If the focus has truly changed, then the Christian apologetic approach must also change accordingly. Rather than rely on traditional arguments for God’s existence or on an appeal to a cultural methodology, apologetics today should focus on the pressing ethical concerns. This is not to say that older apologetic methods are unimportant, but, rather, that they may miss the point. The watching world is grappling with complex and difficult ethical questions and often believes the response from a Christian worldview to these ethical concerns is unappealing or uninformed. An effective Christian apologetic takes into account the ethical questions and dilemmas of the day. What are some ways to do this? Here are some steps to consider.
1. Be familiar with the ethical debates of the day.
In order to engage in ethical apologetics, you must first be aware of what ethical topics are currently being discussed. While some topics continue to capture public discourse, new ethical dilemmas arise as technology and culture progress. Remaining cognizant of the surrounding conversations will help ethical apologists identify where to focus their attention.
2. Know the biblical response to the ethical issues.
Just as it is important to be familiar with the ethical topics of the day, it is just as important to know what a strong biblical response is. Apologetic engagement should never be devoid from scripture and theology. Thus, understanding the biblical position on each ethical question forms the foundation for your apologetics.

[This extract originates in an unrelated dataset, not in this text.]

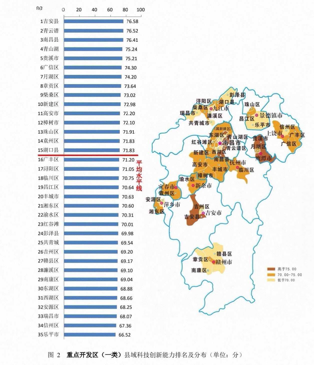 在江西省科技厅、江西省统计局的大力支持下,江西省科学院从2015年开始进行县域科技创新能力评价研究,已连续8年发布《江西省县域科技创新能力评价报告》,通过综合分析江西省统计局、江西省科技厅、江西省市场监督管理局(知识产权局)、江西省科学技术协会等部门采集的数据及实地调研,对全省的县区科技创新能力进行全面综合的系统评价,并提出有针对性的对策建议,为各县(市、区)提升本区域科技创新提供有力的支撑。

3. Understand the other side.
Confidence in your apologetic response does not mean you can be ignorant of the other side. Even though a Christian ethical apologetic may be antithetical to a secular approach on ethical topics, Christians should take time to understand the arguments and reasoning from the other perspective. Understanding the other side helps us see why people are attracted to those positions and where rhetorical adjustments can be made with the Christian response.
4. Represent Christian ethics with love and grace.
Regardless of whether we stand on the right side of truth, our representation of that truth must not come across as mean-spirited or arrogant. Rather, Christian apologetics must be grounded in love and gentleness for our neighbors.
Christian apologetics is an important part of the Christian evangelism and ministry. However, we must recognize that the questions Christian apologetics helps to answer are always changing. What was once the roadblock to faith before may no longer be the case as different issues grip the culture of the day. Ethical apologetics may be the way forward as the culture wrestles with complex ethical questions.